Exercise instructions:
Only the lines from the one that contains "Pañuelo cuadrado de" through the end of the entries, both included, should be transcribed, exactly and without pictures.

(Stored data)
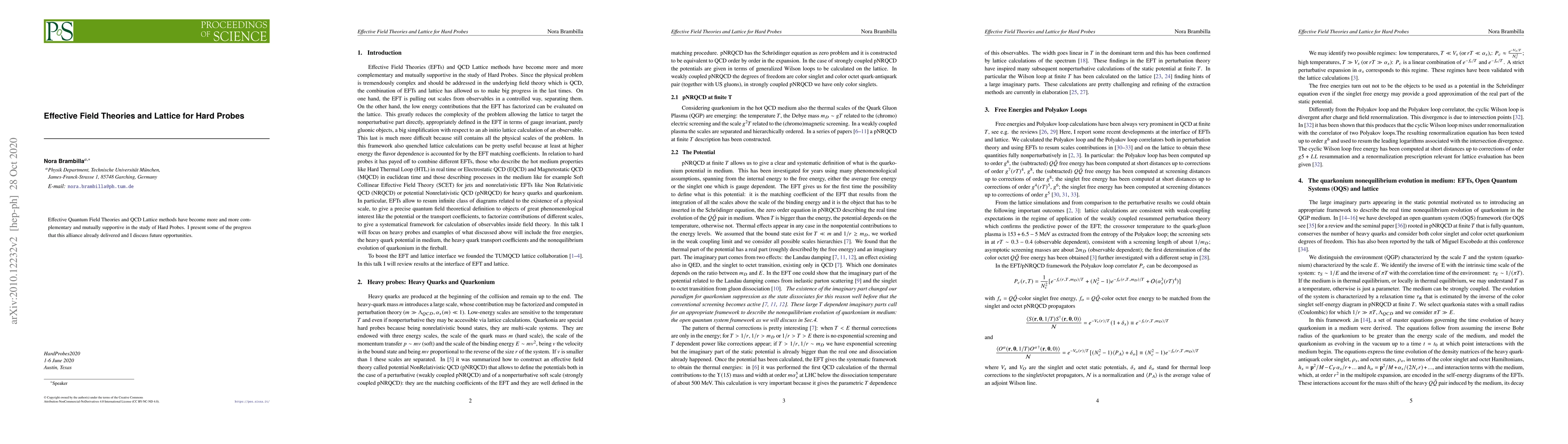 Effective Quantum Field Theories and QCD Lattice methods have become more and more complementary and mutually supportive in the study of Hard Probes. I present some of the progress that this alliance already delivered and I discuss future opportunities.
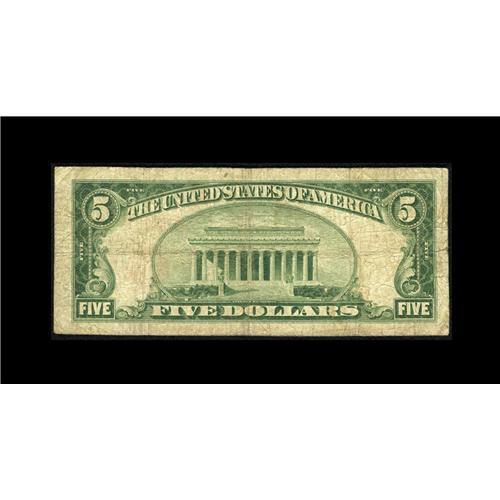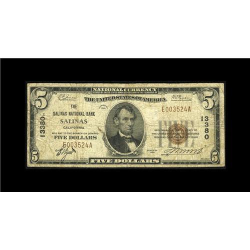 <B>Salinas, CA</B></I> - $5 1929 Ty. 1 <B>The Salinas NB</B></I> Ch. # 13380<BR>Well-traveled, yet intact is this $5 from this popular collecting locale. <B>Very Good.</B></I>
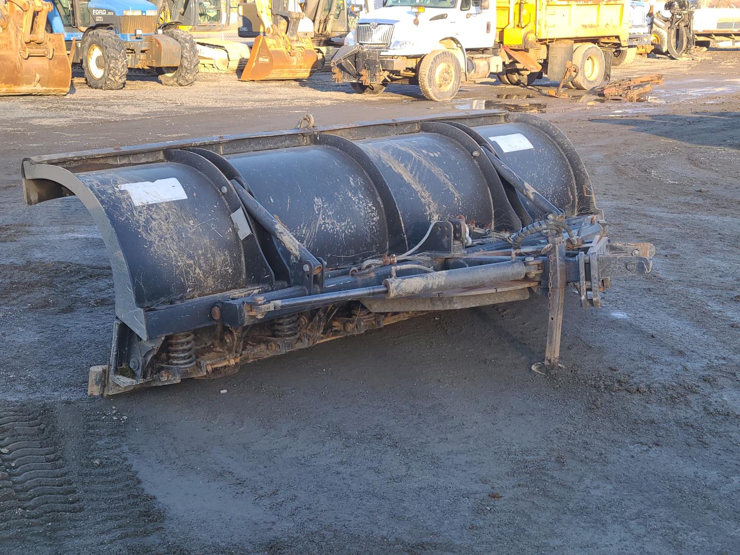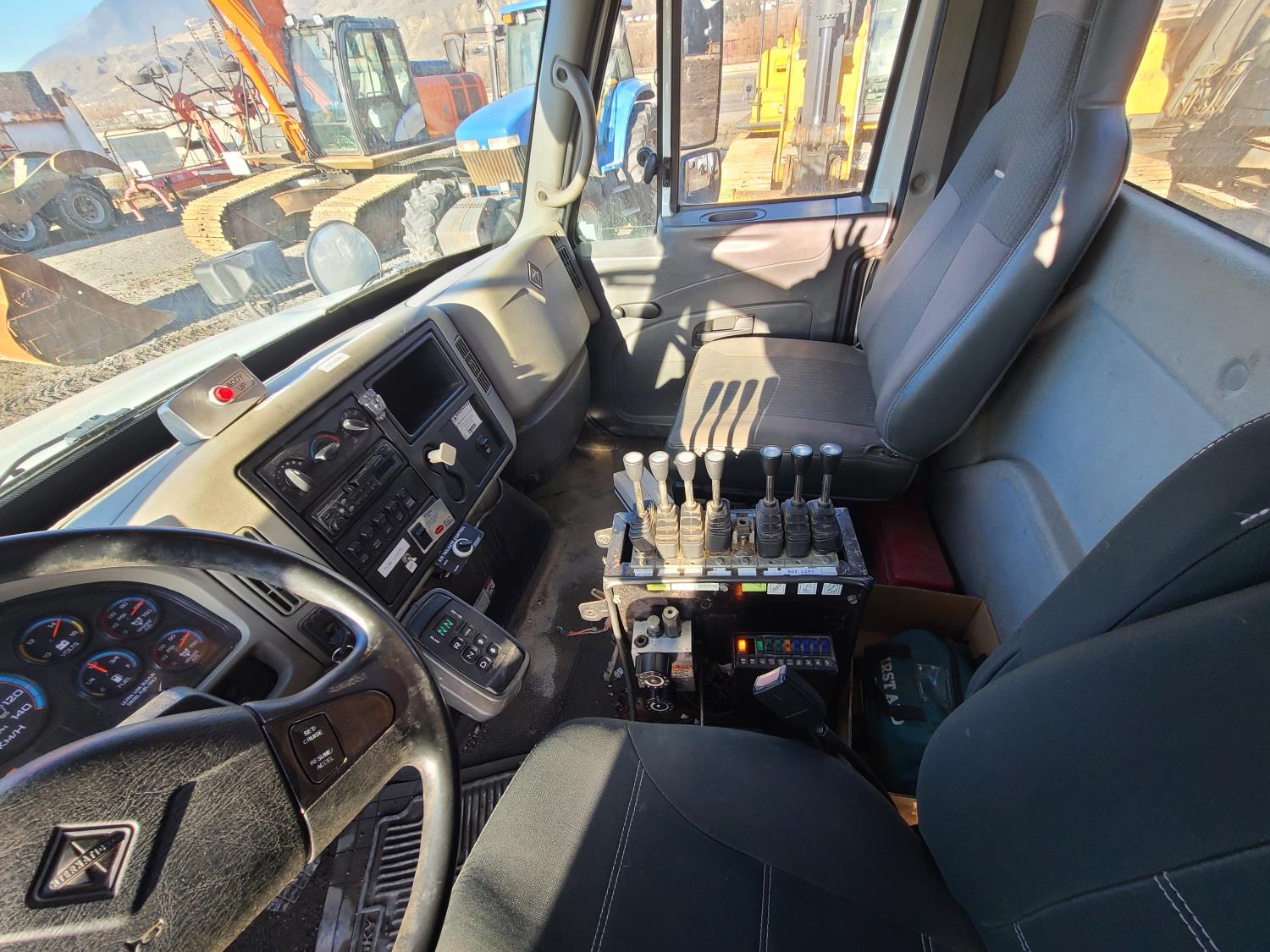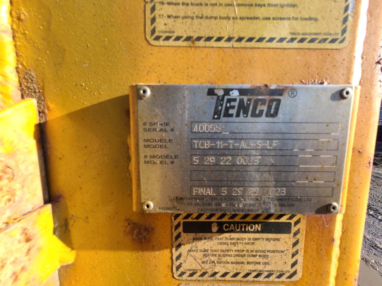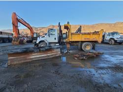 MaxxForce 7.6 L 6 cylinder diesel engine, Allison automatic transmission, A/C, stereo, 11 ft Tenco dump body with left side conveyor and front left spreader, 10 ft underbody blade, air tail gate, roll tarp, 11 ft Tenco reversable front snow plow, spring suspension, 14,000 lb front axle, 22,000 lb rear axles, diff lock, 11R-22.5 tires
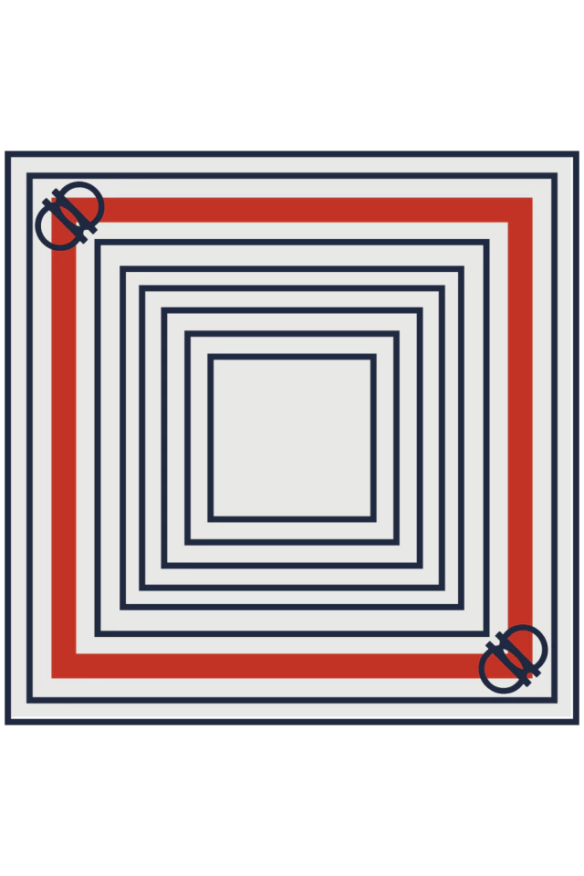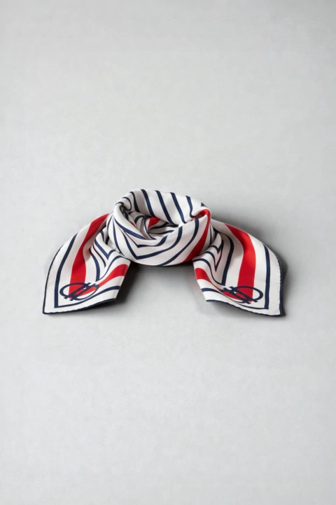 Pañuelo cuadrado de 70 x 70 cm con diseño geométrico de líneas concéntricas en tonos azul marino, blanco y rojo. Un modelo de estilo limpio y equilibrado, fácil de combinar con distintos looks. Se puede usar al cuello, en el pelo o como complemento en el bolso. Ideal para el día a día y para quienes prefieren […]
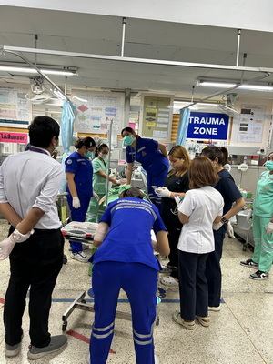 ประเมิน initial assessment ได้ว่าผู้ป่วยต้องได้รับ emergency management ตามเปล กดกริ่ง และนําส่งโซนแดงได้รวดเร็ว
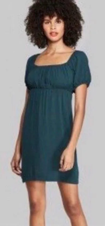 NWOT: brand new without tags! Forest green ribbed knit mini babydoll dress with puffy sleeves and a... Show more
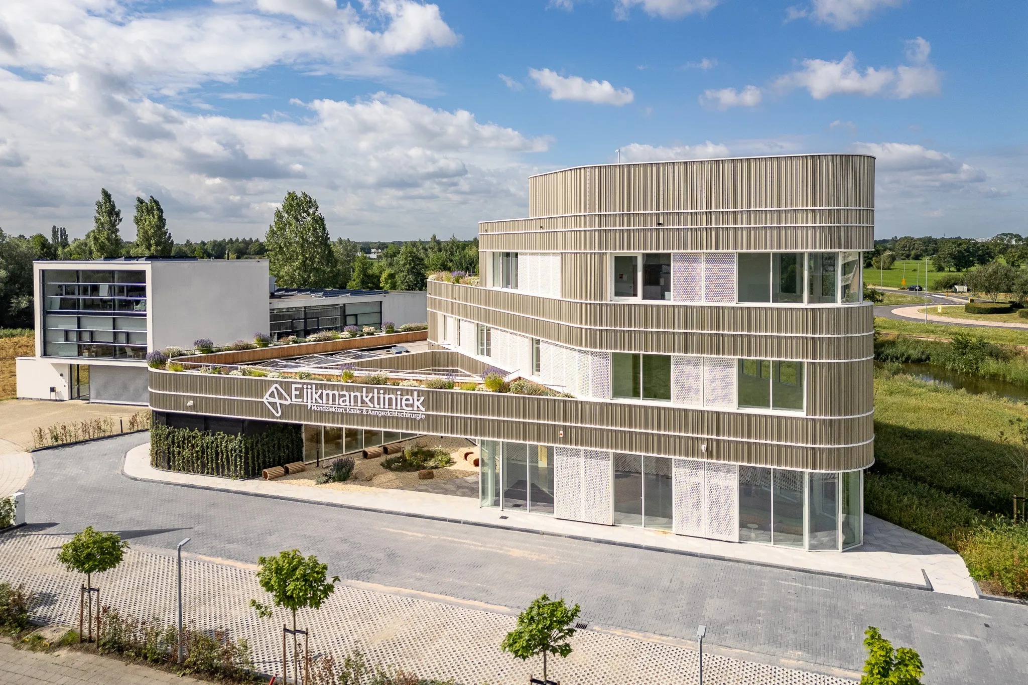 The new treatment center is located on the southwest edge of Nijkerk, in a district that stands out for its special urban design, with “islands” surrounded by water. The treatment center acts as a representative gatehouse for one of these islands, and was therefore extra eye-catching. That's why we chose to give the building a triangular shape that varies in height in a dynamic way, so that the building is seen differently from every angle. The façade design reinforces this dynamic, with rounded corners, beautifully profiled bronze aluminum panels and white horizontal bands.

Reply to the exercise:
 Pañuelo cuadrado de 70 x 70 cm con diseño geométrico de líneas concéntricas en tonos azul marino, blanco y rojo. Un modelo de estilo limpio y equilibrado, fácil de combinar con distintos looks. Se puede usar al cuello, en el pelo o como complemento en el bolso. Ideal para el día a día y para quienes prefieren […]
 ประเมิน initial assessment ได้ว่าผู้ป่วยต้องได้รับ emergency management ตามเปล กดกริ่ง และนําส่งโซนแดงได้รวดเร็ว
 NWOT: brand new without tags! Forest green ribbed knit mini babydoll dress with puffy sleeves and a... Show more
 The new treatment center is located on the southwest edge of Nijkerk, in a district that stands out for its special urban design, with “islands” surrounded by water. The treatment center acts as a representative gatehouse for one of these islands, and was therefore extra eye-catching. That's why we chose to give the building a triangular shape that varies in height in a dynamic way, so that the building is seen differently from every angle. The façade design reinforces this dynamic, with rounded corners, beautifully profiled bronze aluminum panels and white horizontal bands.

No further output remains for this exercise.